Mô tả công việc
Introduction
With over a decade of experience in IT and fintech, Blue Belt has become a leading software development company, delivering innovative technology solutions to a diverse global clientele. We specialize in developing web, mobile, payment, and blockchain applications that offer seamless user experiences. Headquartered in Tokyo, Japan, with a state- of- the- art Technology Hub in Hanoi, Vietnam, Blue Belt operates in more than ten countries, including Japan, Thailand, Indonesia, the Philippines, Malaysia, Taiwan, and Brazil. Our team of over 200 professionals brings a wealth of expertise to drive our global operations.
Infrastructure Automation & CI/CD
We are looking for a highly skilled DevOps Engineer to join our team, with a focus on deploying, scaling, and maintaining infrastructure for conversational AI and chatbot systems. You will work closely with AI engineers, software developers, and product teams to automate workflows, ensure high availability, and optimize performance for AI- driven applications
Job Description
Design, implement, and maintain CI/CD pipelines for chatbot and AI services.
Automate environment provisioning using tools like Terraform, Ansible, or Pulumi.
Integrate testing and deployment workflows to support agile delivery cycles.
Cloud Infrastructure Management
Build and manage infrastructure on cloud platforms AWS, tailored for AI workloads.
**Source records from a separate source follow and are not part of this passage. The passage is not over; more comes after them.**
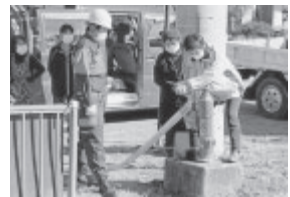
女性への消火栓操作指導

普段、近所の消火栓を目にするも、触ったことのない訓練参加者でしたが、消防署員から、「火災発生から消防自動車到着までの数分間が初期消火で一番大事」と説明され、参加者も消火栓の取り扱い方などをつうじて火災発生時の初期消火の重要性を改めて考える良い機会となりました。また、各地区にある非常サイレンの操作訓練も行われ、操作方法が分からなかったのが、覚えることができよかった。いざという時は、区民もサイレンの操作を共有しておくことが大事であると再確認できました。訓練終了後は、各地区公民館等で、本日の訓練の振り返りや、防災用品の不足品の点検と確認を行い、災害時の備えを確認する場となりました。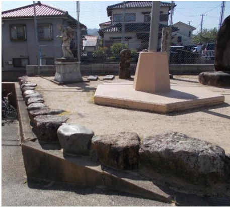
げんかんまえ ( 玄関前 )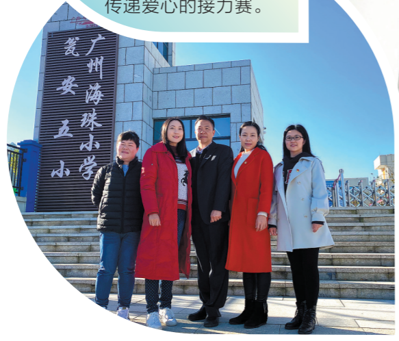
来自广州的五位支教老师

在距广州1000公里外的贵州省黔南布依族苗族自治州瓮安县有一所“海珠小学”,5位来自广州的支教老师今年9月份来到这里后,就架起一座连接着广州和黔南的同心桥,展开了一场播种希望、传递爱心的接力赛。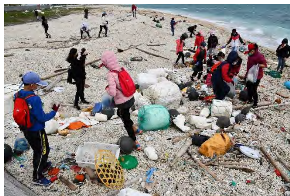
實際前往沙灘進行淨灘，撿拾沙灘上的垃圾。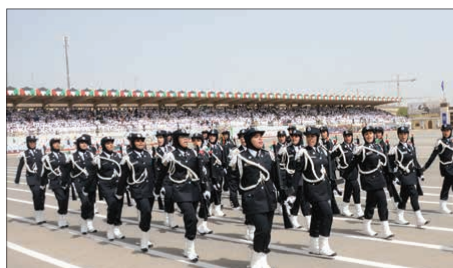
من طابور العرض

للوقوات المسلحة الشيخ صباح الأحمد الجابر الصباح، حفظكم الله ورعاكم سيدي سمو ولي العهد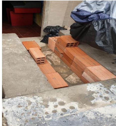
Foto No 2. Detalle de la construcción de la rampa, invadiendo el antejardín.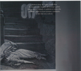
Kolekcia Mirry - IC Lights, vytváľa Flos. Keď používate žiarovku, alebo zariadenie s podobnou funkciou, ktoré sa pohybuje, dokonalé, že nachádzate tú správnu silu svetla, ktorá vám pomôže vyvolať a spracovať. Od toho bude som sa odvrátil.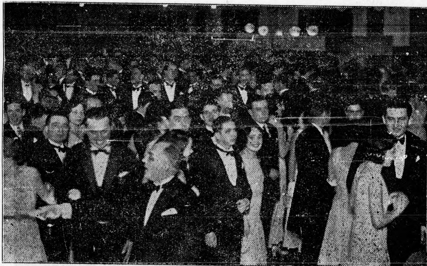
AZ OMIKE bál az Arany Bikában.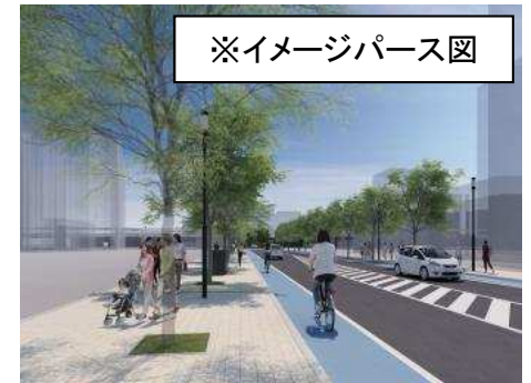
※イメージパース図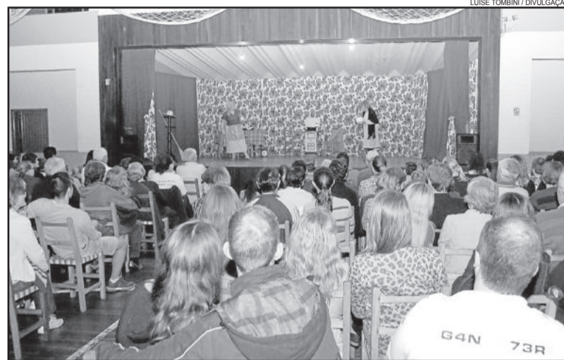
Estreia foi na noite de sexta-feira

O grupo se apresentará na festa dos servidores de Boa Vista do Sul na próxima quinta-feira, dia 29, e no dia 6 de novembro, às 20 horas, junto à Feira do Livro de Imigrante. A direção do espetáculo é de Marcelo Brentano.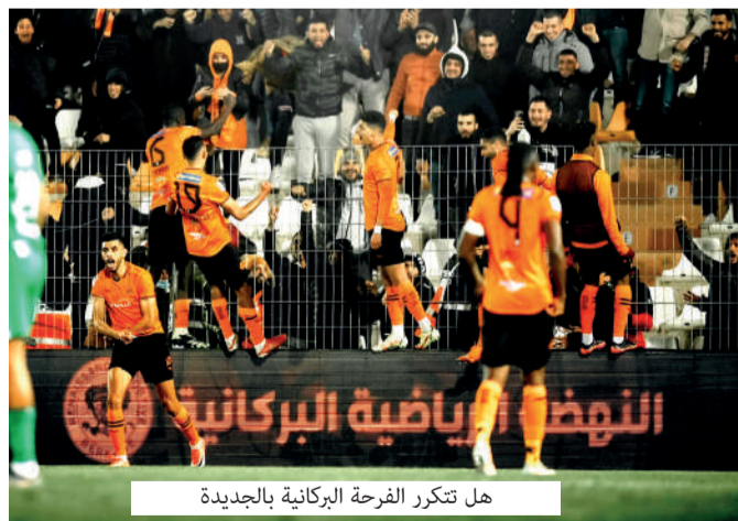
هل تكرر الفرحة البركانية بالجديدة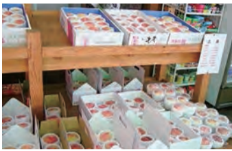
おみやげの桃も充実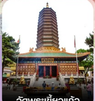
วัดพระเขี้ยวแก้ว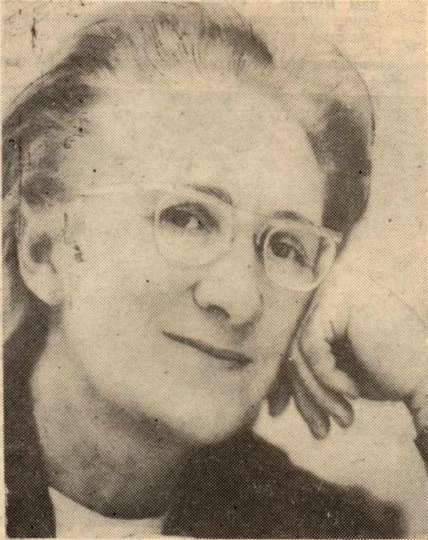
ГОРДОСТЬ ИНСТИТУТА — ЕГО ПРОФЕССОРА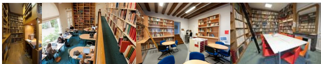
Le fond ancien

Implement secure and scalable architectures for real- time chatbot interactions.
Monitoring, Logging & Incident Management
Define and enforce SLOs/SLAs for chatbot uptime and response time.
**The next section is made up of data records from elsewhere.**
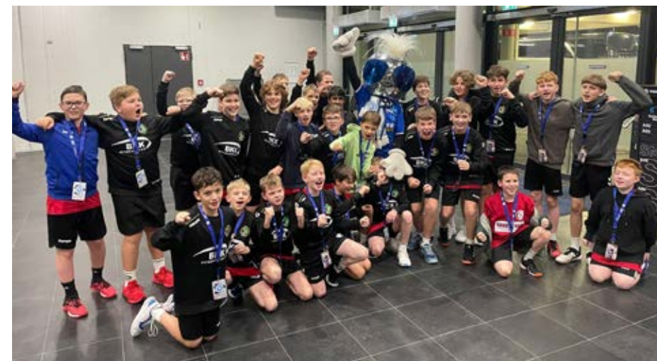
gJD: Event in der Porsche-Arena

Trotz des frühen Turnierbeginns um 08.15 Uhr waren die Minis hellwach und konnten alle Turmballs Spiele für sich entscheiden. Beim Koordinationsparcours konnten die Youngsters nicht ganz so gut abliefern. Dennoch strahlten alle bei der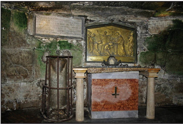
7. kép. A Mamertinum alsó kápolnájának oltára.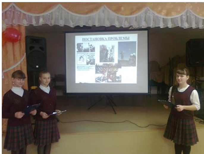
На фото: общешкольный классный час «Мы помним! Мы гордимся!»

«В 41-ом году упали первые бомбы. Началась жестокая война. Она длилась не месяц и не два, война растянулась на годы. Важно отметить то, что провинциальный город Куйбышев в октябре 1941 года приказом Госкомитета обороны был назначен «запасной» столицей Советского Союза. Это была особая миссия, и она была выполнена. А 7 ноября 1941 года в Куйбышеве, вместе с Москвой и Воронежем, состоялся военный парад. Сегодня мы почтим память павших в годы Великой Отечественной войны, вспомним Парад Победы в городе Куйбышеве и поздравим с победой всех живых!» - этими словами начался общешкольный классный час для старшеклассников.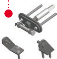
Abb.: Konsolensatz Farbausführung: grau

In Gehäusefarbe farbbeschichtete Edelstahlkonsolen für einfachste Montage an Fenstertypen der Roto® Serien designo R6 & R8 und Velux® Serien GGL & GGU, GHL & GHU, GPL & GPU geeignet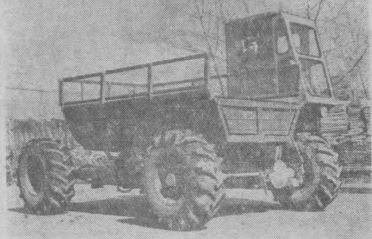
На Тульском комбайновом заводе освоен выпуск самоходных шасси.

На снимке: члены бригады, обслуживающей доменную печь 5 металлургического комбината Сталинграда. Эта бригада — одна из передовых на комбинате.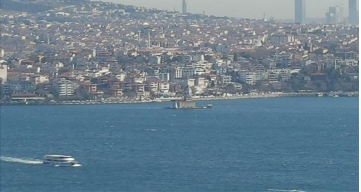
Resim 2: Galata Kulesinden Kız Kulesinin görünümü.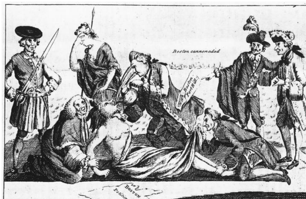
The able Doctor, or America swallowing the Bitter Draught.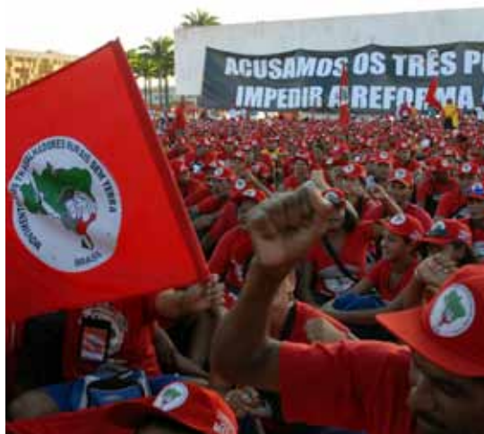
Uma luta de todos: o MST pelo MST

Produção: CPT/Rede Social de Justiça e Direitos Humanos. Brasil (2006), 43 min. O documentário mostra a construção de uma nova sociedade pelas famílias de trabalhadores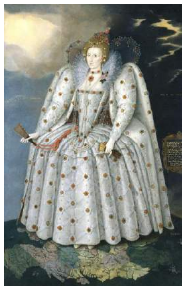
Илл. 3. Маркус Гераэрт Младший «Портрет Дитчли», 1592

вые» («raddled») и «покрашенные хной» («hennaed»). Цвет волос королевы является знаковым компонентом ее образа.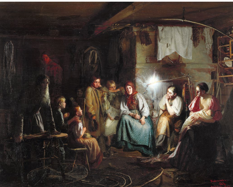
Бабушкины сказки. Картина Василия Максимова. 1867 г.

для обозначения нечистой силы нередко используют одни и те же слова: и в сказке, и в быличке есть чёрт, иногда — леший, Баба Яга часто зовется колдуньей или ведьмой. Однако при всем внешнем сходстве это два принципиально разных жанра. Во-первых, былички невелики по объему — волшебные сказки, как правило, значительно длиннее. Во-вторых, как уже говорилось, события быличек в целом воспринимаются как вполне правдивые, случились они недавно и в знакомых рассказчику и слушателям местах — в то время как события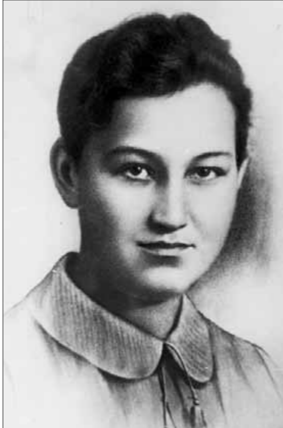
● Впервые вся наша страна и весь мир увидели этот снимок на первой странице «Правды» от 17 февраля 1942 года. Рядом с ним был напечатан Указ Президиума Верховного Совета СССР, которым Зое Анастольевне Космодемьянской присвоено высокое звание Героя Советского Союза — первой из женщин во время Великой Отечественной войны.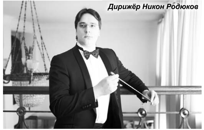
Дирижёр Никон Родюков

22 декабря 2018 года в 13.00 и 15.00 на сцене Районного дома культуры г. Бикина состоятся концерты Дальневосточного академического симфонического оркестра под управлением Никона Родюкова. Оркестр представит жителям г. Бикина праздничную программу и создаст прекрасное предновогоднее настроение!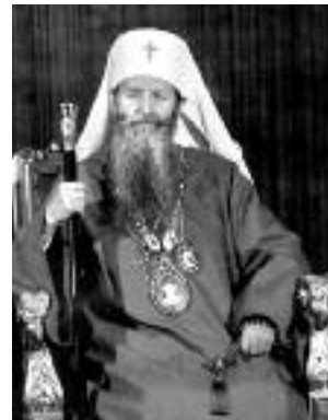
Сл. 74. Патријарх Герман

„После 91 године живота, 64 године свештеничке, односно 49 година архијерејске службе, завршио се овоземаљски животни пут Епископа нишког Јована.

Set up monitoring tools (Prometheus, Grafana, ELK, or Datadog) for proactive alerting.
Setup Logging Centralized using EFK (ElasticSearch, Fluentbit, Kibana)
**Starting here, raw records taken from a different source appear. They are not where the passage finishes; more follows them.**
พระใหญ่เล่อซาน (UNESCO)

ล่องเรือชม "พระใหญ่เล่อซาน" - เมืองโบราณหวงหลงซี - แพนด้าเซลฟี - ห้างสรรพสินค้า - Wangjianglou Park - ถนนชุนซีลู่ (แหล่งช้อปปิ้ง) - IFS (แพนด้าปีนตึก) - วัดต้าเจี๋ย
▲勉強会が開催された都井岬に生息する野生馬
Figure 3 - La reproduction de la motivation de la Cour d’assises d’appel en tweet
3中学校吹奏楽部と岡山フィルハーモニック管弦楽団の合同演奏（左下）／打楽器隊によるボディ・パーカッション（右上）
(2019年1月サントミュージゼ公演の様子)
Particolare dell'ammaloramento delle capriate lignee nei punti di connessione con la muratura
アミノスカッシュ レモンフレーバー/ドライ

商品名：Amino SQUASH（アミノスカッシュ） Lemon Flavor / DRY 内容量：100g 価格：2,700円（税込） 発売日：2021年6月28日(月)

Lead incident response and root cause analysis for system failures.
Security & Compliance
Perform ad- hoc DevOps tasks as required, including emergency patches, incident support, or rapid deployment of security updates.
Ensure best practices in infrastructure security (IAM, VPC, secrets management).
Support compliance efforts for data protection (GDPR, SOC2) in chatbot data pipelines.
AI Deployment Model
Collaborate with teams to containerize and deploy NLP models (e.g., with Docker, Kubernetes).
Manage GPU/TPU workloads, including dynamic scaling and resource optimization.
Monitor model inference performance and latency across staging and production environments.
Optimize cost, compute, and storage strategies for high- volume inference and training.